Libra Energy BV is a trading company. It is established in Castricum, the Netherlands, and registered in the Trade Register under Chamber of Commerce registration number 37140128. Libra’s clients can only be persons that trade in the practice of a profession or operation of a business.
1.1 These General Terms and Conditions apply to all offers, agreements and deliveries of Libra, unless explicitly agreed otherwise in writing. In no case other terms and conditions and/or provisions will be accepted.
2.1 Libra is bound by an agreement only if it sends the client a written offer or order confirmation which is integrally accepted by the client in writing or by e-mail within three days.
3.1 The prices offered or confirmed by Libra concern only the goods referred to in the offer or confirmation. Libra will invoice separately for the costs of shipment and additional charges at the cost price paid by Libra.
3.2 Prices offered or confirmed by Libra are subject to change as a result of external factors over which Libra has no control. Price increases related to this are charged on if more than a month has passed or will pass between the date of the agreement and the date of delivery.
3.3 Payments discharge the client only if they are made by means of a transfer to the bank account number with the name shown in the invoice.
3.4 Every invoice from Libra must be paid within eight days of the invoice date and before the date of the shipment of the products, unless otherwise agreed in writing.
3.5 In the event of late payment, the client is in default and trading interest becomes payable at the legal rate from the invoice date.
3.6 Payment is due without any discount or settlement.
3.7 If the client fails to pay in time, Libra has the right to transfer its receivable to a collection agency. The extra-judicial collection costs are borne by the client. They shall amount to at least 15% of the invoice amount plus the interest payable.
4.1 Libra is a trading company and maintains only limited stocks itself. Agreed delivery times are indicative only. In addition to force majeure, within the meaning of the Law, non-delivery, late delivery or incorrect delivery by Libra’s suppliers or carriers constitute force majeure on Libra’s part.

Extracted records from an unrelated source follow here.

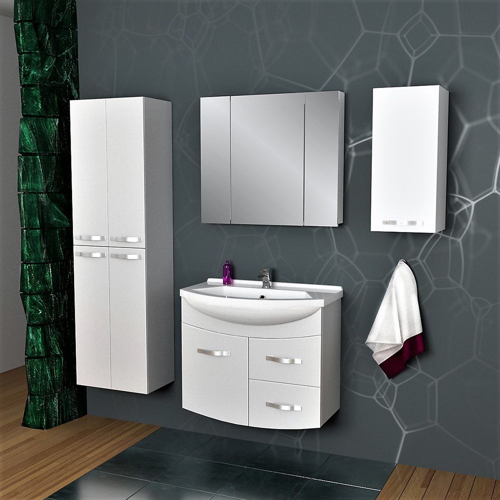 Французское зеркальное полотно. Универсальный зеркальный шкаф. Боковины - глянцевое МДФ. Внутренние стеклянные полочки. Крепление к стене - гребенка. Подходит к любой коллекции Dreja.eco
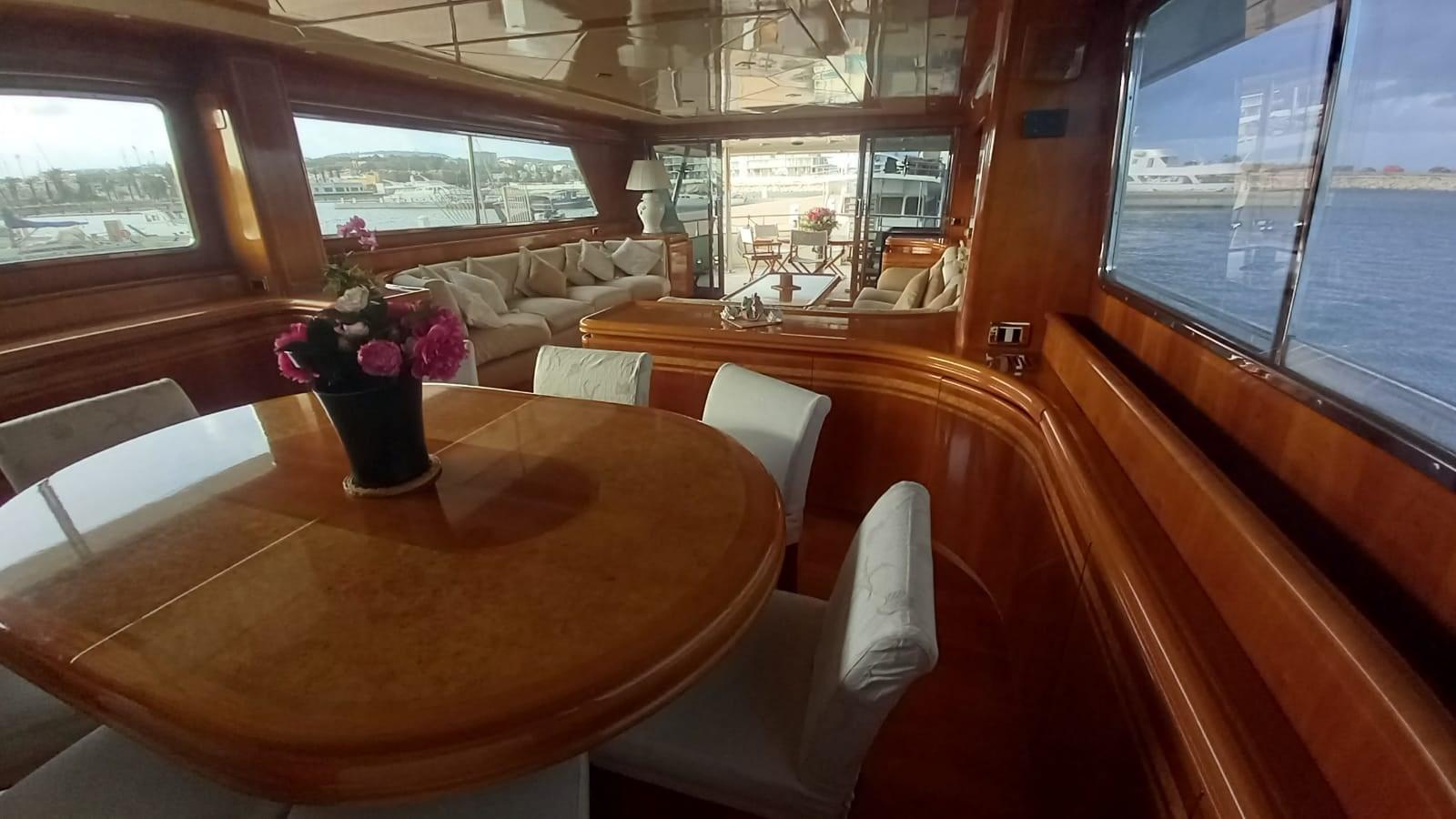 Lavori 2022 - 2023: rifacimento teak flying bridge - rifacimento divani flying bridge - nuove tappezzerie esterne Sunbrella e spugne copri cuscini - nuova moquette - nuove tende - rifacimento sportelli cucina - nuovi elettrodomestici cucina (piano cottura, forno, frigo, cappa, lavastoviglie) - manutenzione ordinaria motori e gruppi elettrogeni - nuove batterie servizi e motori - nuove batterie elica di prua - nuovi interruttori luci interne ed esterne - revisione pistoni flap - nuove luci LED subacquee - revisione passerella con sostituzione scheda, pompa e sensori.
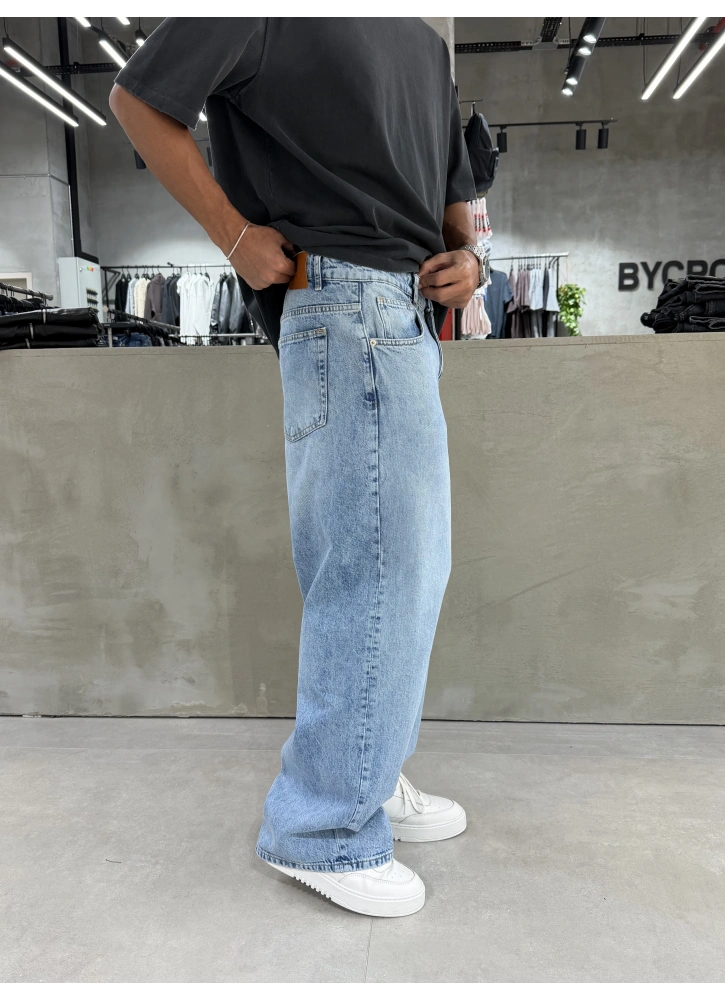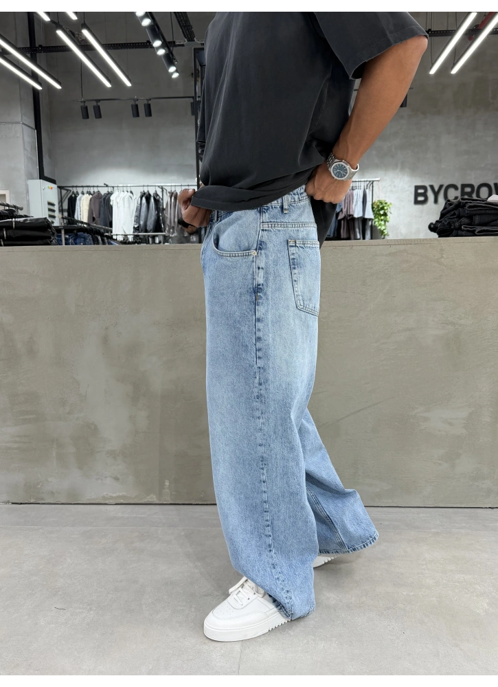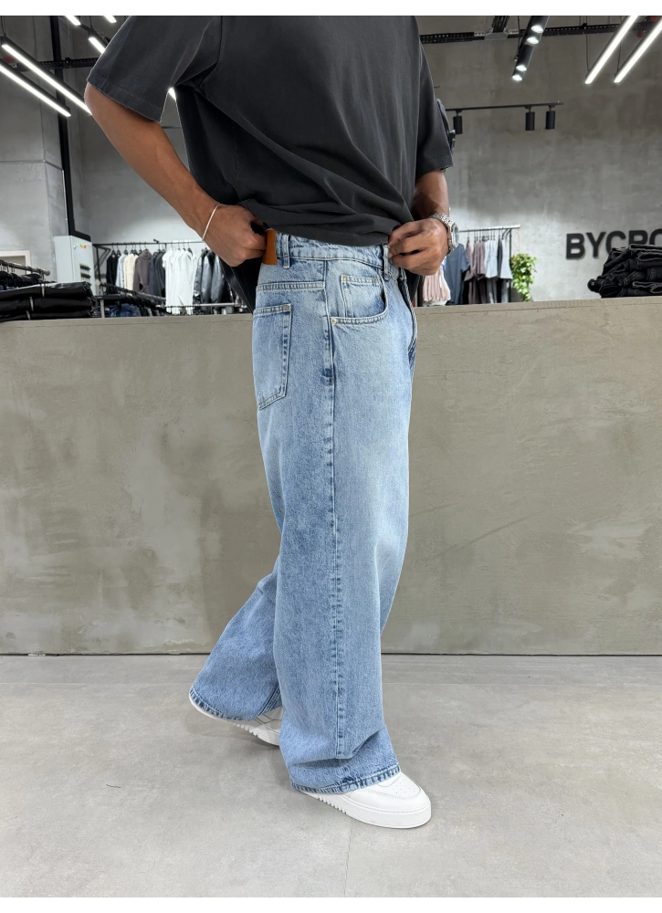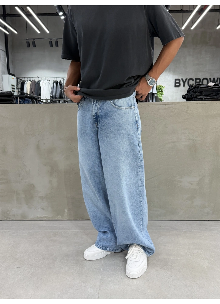 Buz Mavi Yıkamalı Denim Süper Baggy
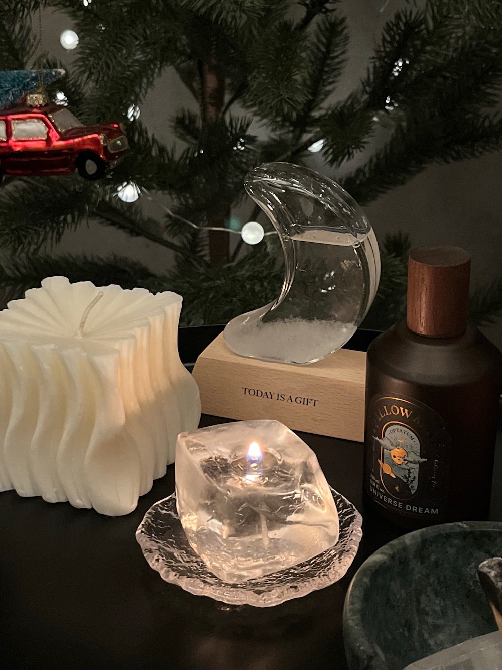 BIRTHDAY BARの可愛いアイテム合わせたら素敵空間になった🫶 おしゃれな形のキャンドルは 香りも良くて飾るだけで一気におしゃれ空間になります!✨ ストームグラスとOPTATUMのピローミストの相性良すぎる🌙 透明のキャンドルもオシャレすぎてお気に入りです✌️

4.2 If, for any reason whatsoever, a situation of force majeure lasts for more than three weeks after the indicative delivery time given, both parties have the right to dissolve the agreement in relation to any part not yet performed. The client holds this right only after it has summoned Libra to comply and has set a reasonable term for this.
4.3 Delivery takes place only after payment by the client to Libra of all amounts owed, unless otherwise agreed in writing.
5.1 The risk transfers to the client as soon as the consignment has been transferred to the person that provides for the shipment of the consignment or when the goods leave our warehouse for shipment.
5.2 If the client is not present at the delivery location, the goods may be left at the delivery address at the client’s risk and expense.
6.1 The manufacturer of the goods that are the subject of or related to the agreement is liable for the delivered goods, to the exclusion of Libra. Consequently, only the manufacturer provides a guarantee.
6.2 for the delivered goods. Libra is not liable, even if the manufacturer provides no guarantee or an inadequate guarantee.
6.3 At the client’s earliest request, Libra will transfer its rights in respect of the producer to the client as far as possible.
6.4 Libra is liable only for damage caused by malicious intent or gross negligence on its own part. If Libra is liable, its liability is limited to the value of the delivered goods as shown in the invoice.
7.1 Libra reserves ownership of the goods until all its receivables in relation to those goods have been settled.
7.2 The client is required to treat the goods with due care; in particular, the client is required to duly insure at its own expense these goods against damage caused by fire, water and theft, at the new value.
7.3 The client must notify Libra in writing without delay in the event of garnishment/foreclosure by third parties or bankruptcy or the threat thereof, a moratorium on payments or a debt rescheduling arrangement, to enable Libra to take appropriate measures to protect its interests.
8.1 The inapplicability, invalidity, nullity or nullification of a provision of the agreement and these General Terms and Conditions is without prejudice to the applicability and validity of the other provisions.
8.2 All disputes between the parties relating to agreements with Libra are governed by Dutch law. The District Court of Amsterdam has sole competence to hear such disputes.